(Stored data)
-.-.-
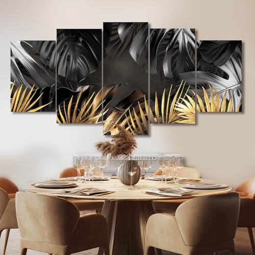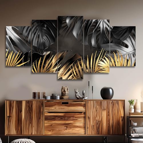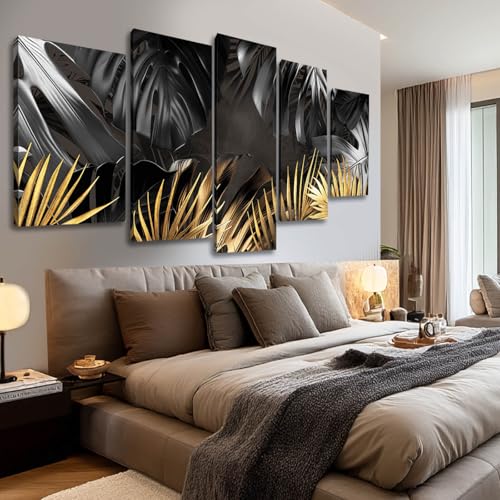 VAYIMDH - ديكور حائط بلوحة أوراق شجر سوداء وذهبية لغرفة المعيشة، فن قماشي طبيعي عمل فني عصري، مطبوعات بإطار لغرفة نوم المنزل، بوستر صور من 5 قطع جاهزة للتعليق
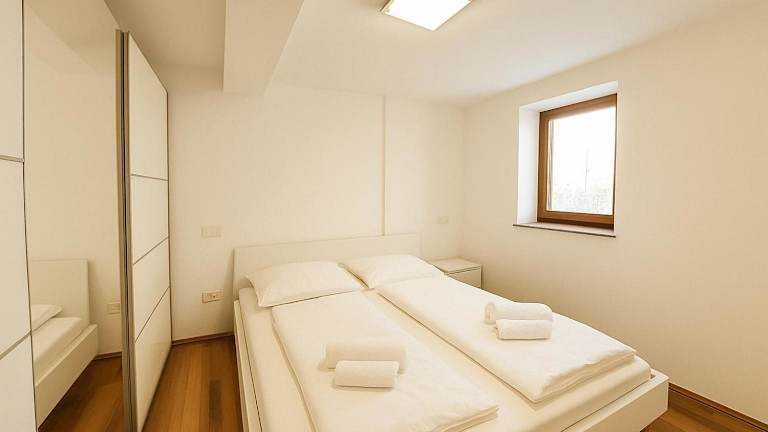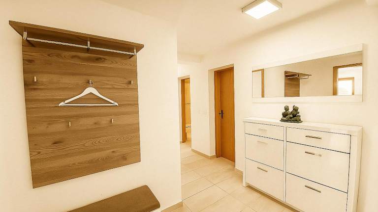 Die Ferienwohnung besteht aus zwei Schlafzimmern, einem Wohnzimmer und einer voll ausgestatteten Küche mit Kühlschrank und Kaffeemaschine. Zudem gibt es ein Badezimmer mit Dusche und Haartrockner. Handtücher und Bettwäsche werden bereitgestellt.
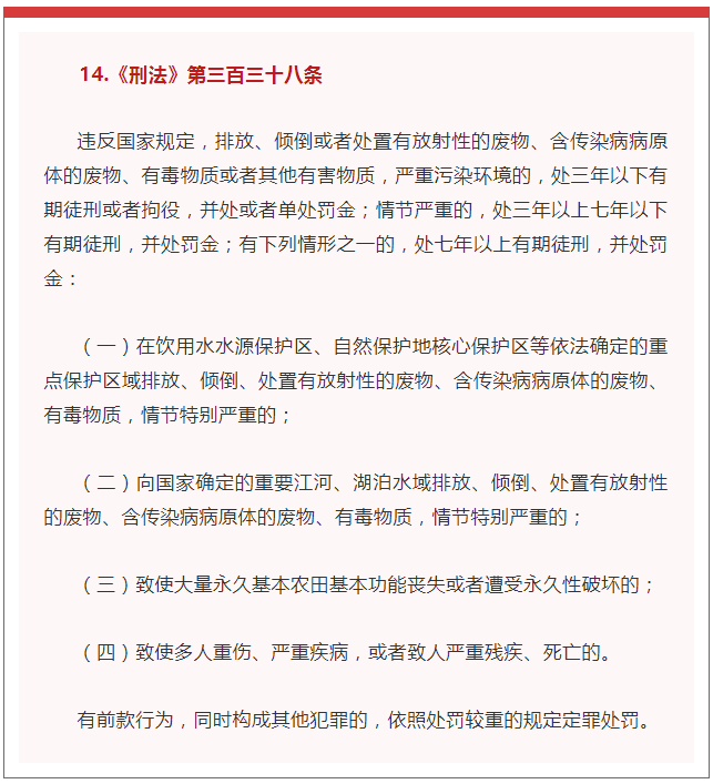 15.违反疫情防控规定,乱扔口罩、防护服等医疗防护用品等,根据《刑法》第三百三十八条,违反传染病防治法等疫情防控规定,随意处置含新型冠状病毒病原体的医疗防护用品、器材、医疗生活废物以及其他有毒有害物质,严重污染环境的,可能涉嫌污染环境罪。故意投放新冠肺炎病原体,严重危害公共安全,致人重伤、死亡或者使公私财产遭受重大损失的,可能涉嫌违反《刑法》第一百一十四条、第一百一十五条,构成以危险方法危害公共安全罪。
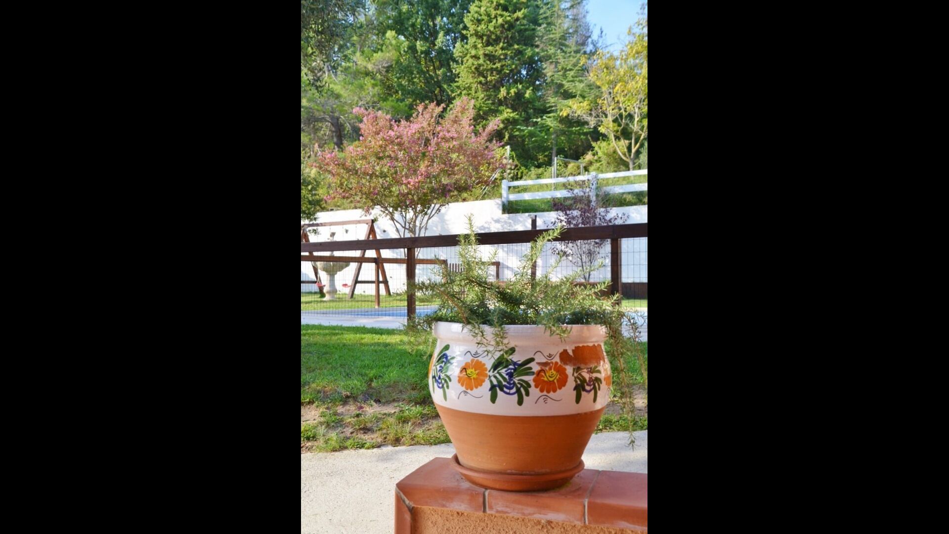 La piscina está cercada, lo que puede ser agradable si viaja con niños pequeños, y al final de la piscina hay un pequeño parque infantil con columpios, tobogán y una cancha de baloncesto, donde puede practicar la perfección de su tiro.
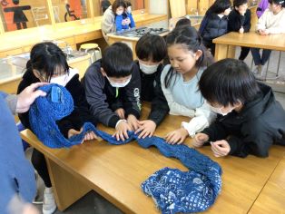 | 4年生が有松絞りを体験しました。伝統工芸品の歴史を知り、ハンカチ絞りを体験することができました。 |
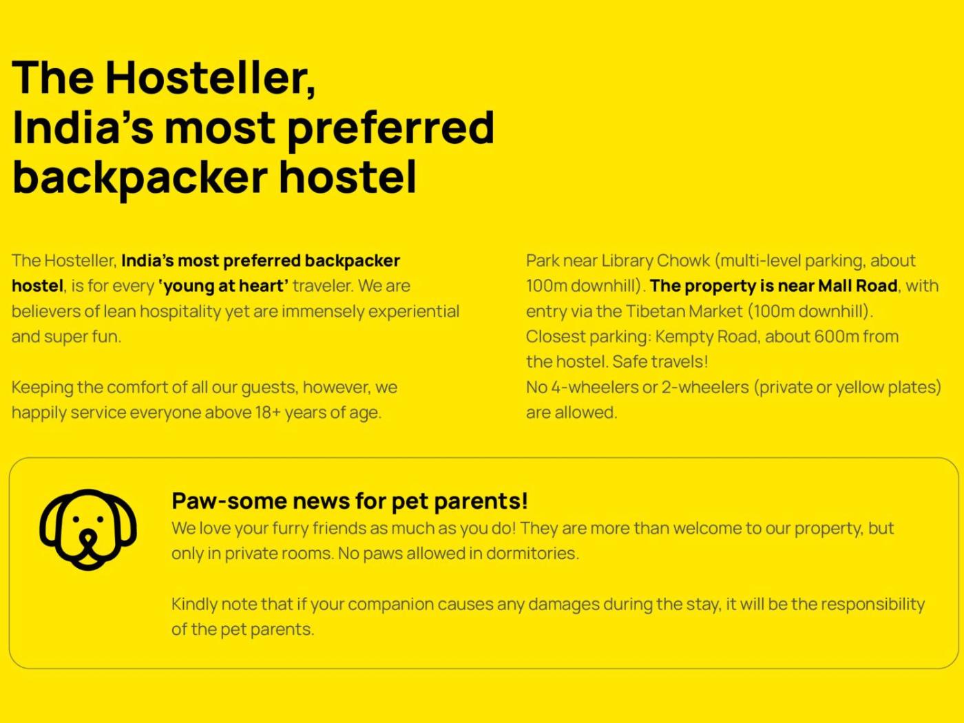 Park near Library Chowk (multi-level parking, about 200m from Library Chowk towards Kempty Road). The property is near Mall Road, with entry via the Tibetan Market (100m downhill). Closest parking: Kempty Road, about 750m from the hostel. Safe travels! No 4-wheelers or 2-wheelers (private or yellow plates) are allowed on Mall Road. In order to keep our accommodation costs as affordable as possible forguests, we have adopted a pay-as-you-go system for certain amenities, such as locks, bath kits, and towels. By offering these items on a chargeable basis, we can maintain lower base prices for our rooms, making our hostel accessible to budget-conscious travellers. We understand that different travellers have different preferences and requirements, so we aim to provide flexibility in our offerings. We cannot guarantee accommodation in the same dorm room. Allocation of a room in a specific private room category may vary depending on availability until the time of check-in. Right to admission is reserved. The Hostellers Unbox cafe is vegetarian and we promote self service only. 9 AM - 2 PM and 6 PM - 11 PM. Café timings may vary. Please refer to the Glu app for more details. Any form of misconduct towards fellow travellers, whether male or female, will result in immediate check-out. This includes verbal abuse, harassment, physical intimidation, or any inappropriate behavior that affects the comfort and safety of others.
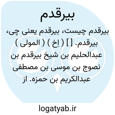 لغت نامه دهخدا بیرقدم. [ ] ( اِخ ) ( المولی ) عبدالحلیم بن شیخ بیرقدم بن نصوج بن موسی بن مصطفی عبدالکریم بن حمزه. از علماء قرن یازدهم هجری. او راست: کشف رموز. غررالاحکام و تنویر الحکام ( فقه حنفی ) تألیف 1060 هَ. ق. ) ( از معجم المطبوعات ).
-.-.-
• ABOUT THIS EXERCISE: From the first line of the entries down to the line with "Die Ferienwohnung besteht", print each line exactly; omit any picture.

• EXPECTED OUTPUT:
 VAYIMDH - ديكور حائط بلوحة أوراق شجر سوداء وذهبية لغرفة المعيشة، فن قماشي طبيعي عمل فني عصري، مطبوعات بإطار لغرفة نوم المنزل، بوستر صور من 5 قطع جاهزة للتعليق
 Die Ferienwohnung besteht aus zwei Schlafzimmern, einem Wohnzimmer und einer voll ausgestatteten Küche mit Kühlschrank und Kaffeemaschine. Zudem gibt es ein Badezimmer mit Dusche und Haartrockner. Handtücher und Bettwäsche werden bereitgestellt.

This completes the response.